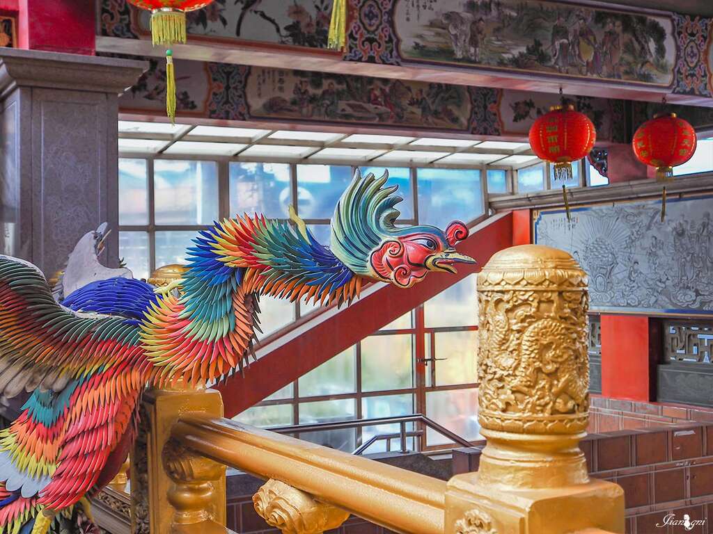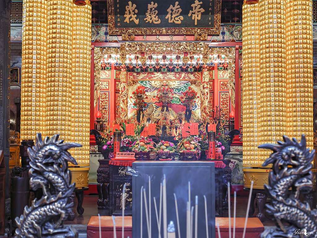後殿頂端兩側的木雕,出自桃園首席名匠葉金萬大師之手,螭虎曲線生動,展現雄渾大器。來到三元宮除了上香祈福,也能欣賞到百年廟宇的精湛工藝,不論是華麗的木雕、活靈活現的花草、人物刻劃、楹柱上的名家真跡、擂金彩繪…等,都彌足珍貴,值得細細探究。
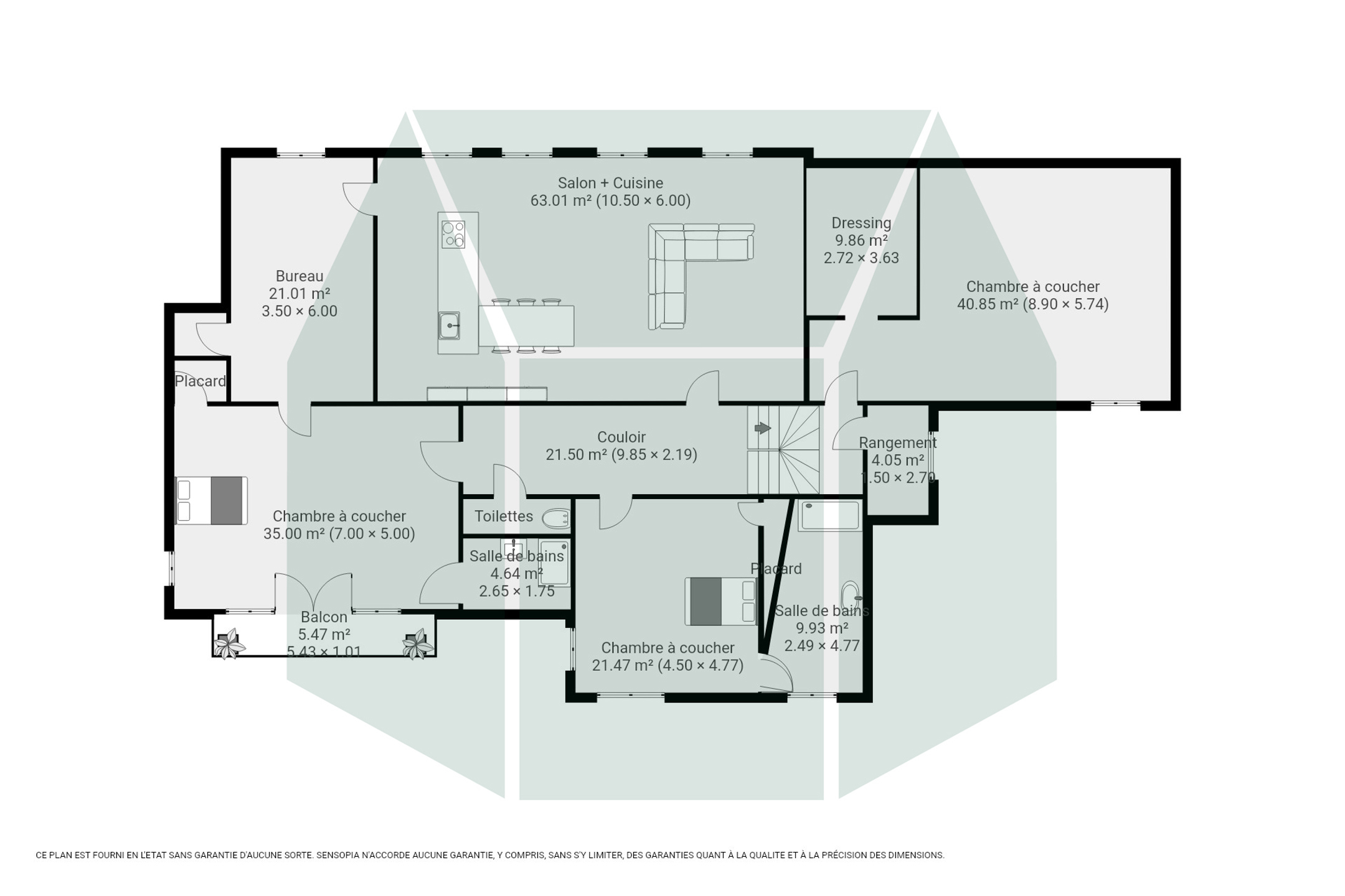Le premier étage possède un vaste séjour de 60m² avec cuisine ouverte, un bureau, deux chambres et deux salles-de-bain.
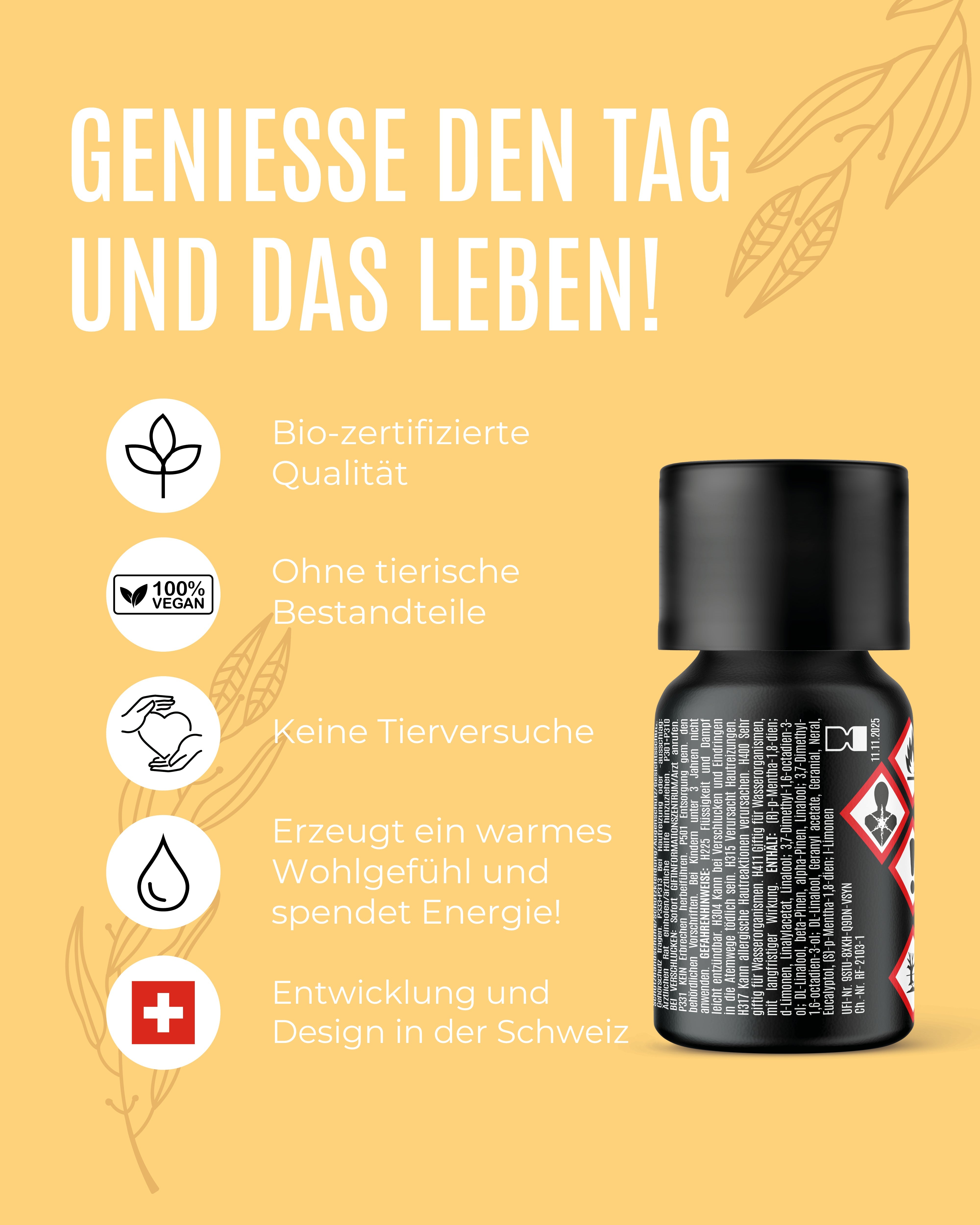 Duftbeschreibung: Ein lebendiger, fruchtiger Duft mit warmen Untertönen, der sofort die Stimmung hebt und gleichzeitig für emotionale Stabilität sorgt.

□ □ □ □ □

● Task to complete
Once more, please print the whole listing exactly, omitting each image.

● Solution for this exercise
後殿頂端兩側的木雕,出自桃園首席名匠葉金萬大師之手,螭虎曲線生動,展現雄渾大器。來到三元宮除了上香祈福,也能欣賞到百年廟宇的精湛工藝,不論是華麗的木雕、活靈活現的花草、人物刻劃、楹柱上的名家真跡、擂金彩繪…等,都彌足珍貴,值得細細探究。
Le premier étage possède un vaste séjour de 60m² avec cuisine ouverte, un bureau, deux chambres et deux salles-de-bain.
 Duftbeschreibung: Ein lebendiger, fruchtiger Duft mit warmen Untertönen, der sofort die Stimmung hebt und gleichzeitig für emotionale Stabilität sorgt.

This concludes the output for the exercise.